• WHAT YOU SHOULD DO: Pictures are not part of the copy. Set down exactly the lines from the one containing "Elevate your style" through the last line of the material below.

• DATASET CONTENT:
▬▬▬

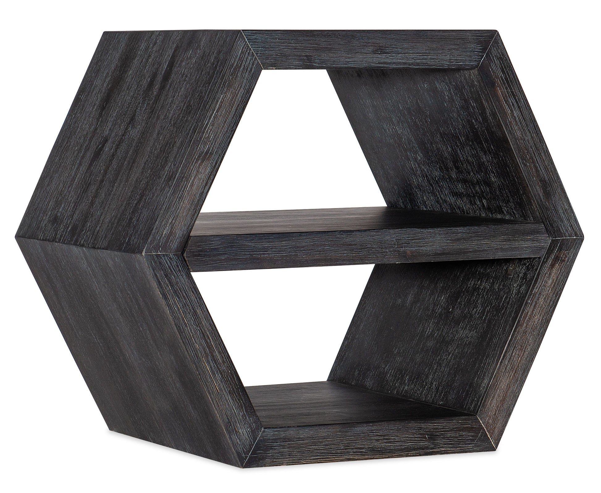 With an exotic smokey finish and stylish hexagonal shape, the Honeycomb End Table is crafted of Acacia Veneers and has one fixed shelf. The transparent black finish reveals color and grain variances in the wood.
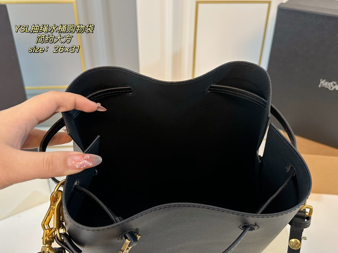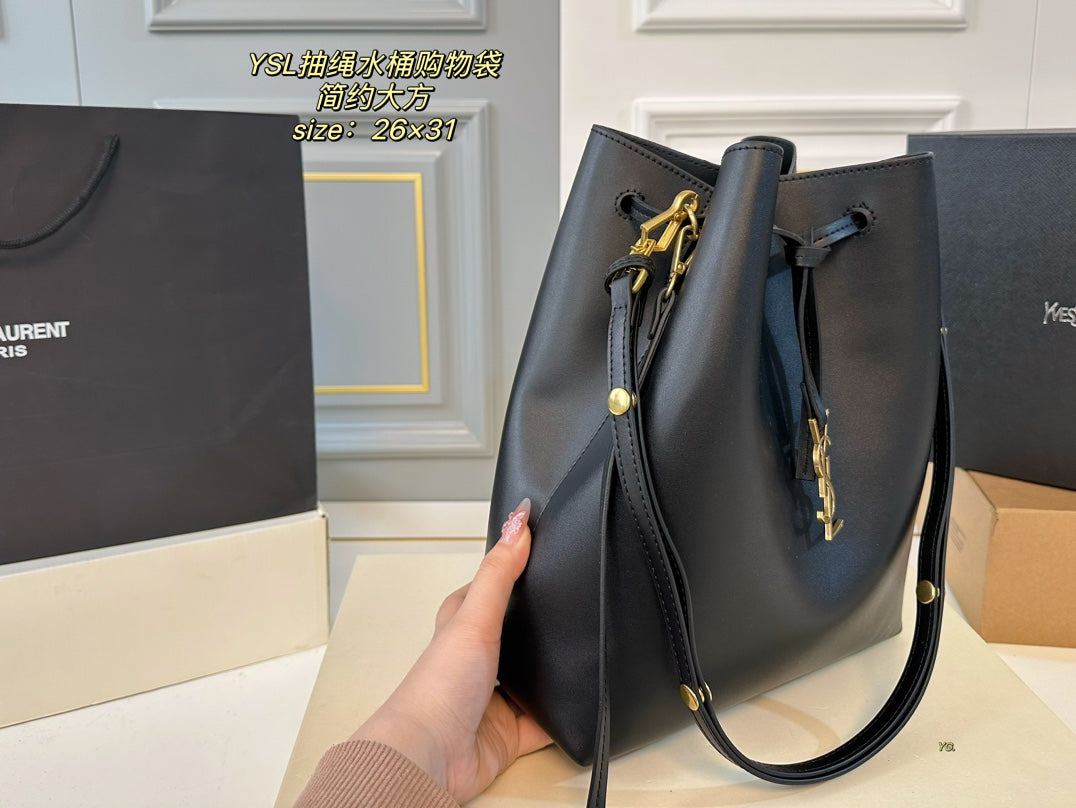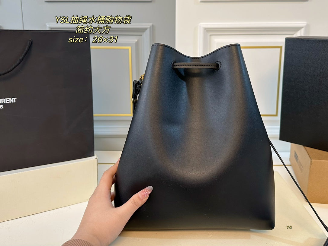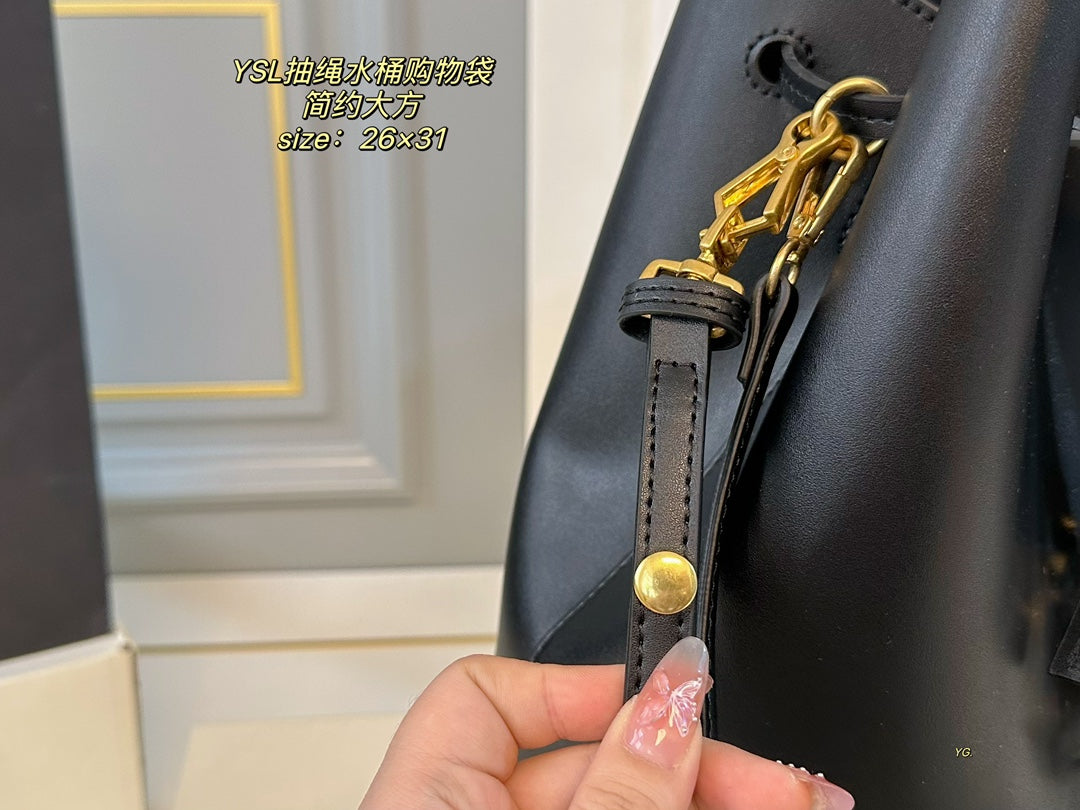 Elevate your style with the YSL Saint Laurent Drawstring Bucket Bag, designed for both functionality and fashion. Measuring 26×31 cm, this bag features a sleek, minimalist aesthetic crafted from high-quality materials that provide a luxurious feel.
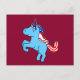 Unicorn Blue Patriotic USA Flag Mane Cartoon Postcard
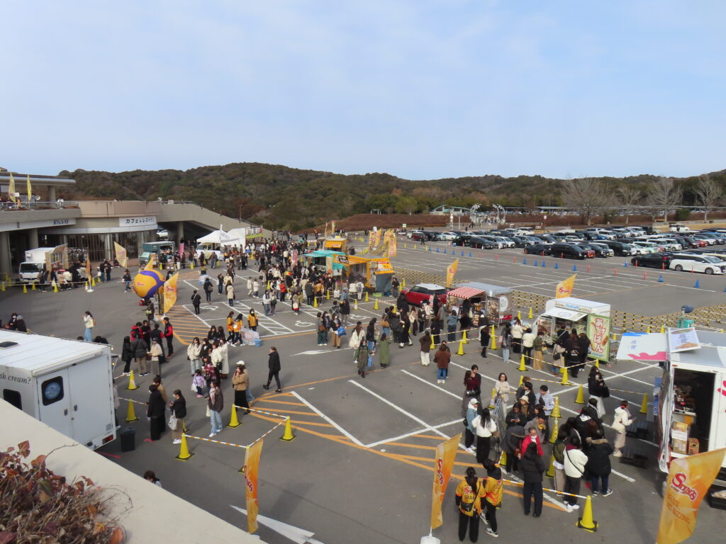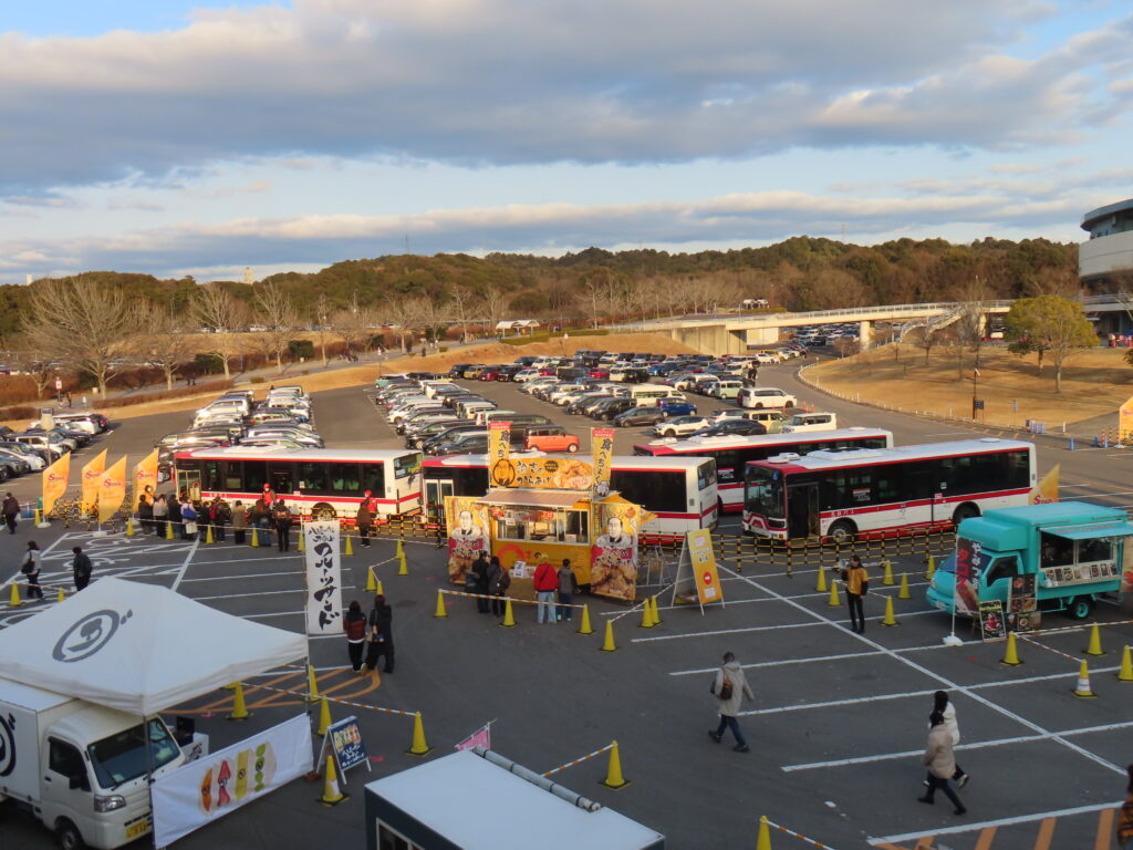スタジアムの外は、キッチンカーがずらり

▬▬▬

• SOLUTION TO THIS EXERCISE:
 Elevate your style with the YSL Saint Laurent Drawstring Bucket Bag, designed for both functionality and fashion. Measuring 26×31 cm, this bag features a sleek, minimalist aesthetic crafted from high-quality materials that provide a luxurious feel.
 Unicorn Blue Patriotic USA Flag Mane Cartoon Postcard
スタジアムの外は、キッチンカーがずらり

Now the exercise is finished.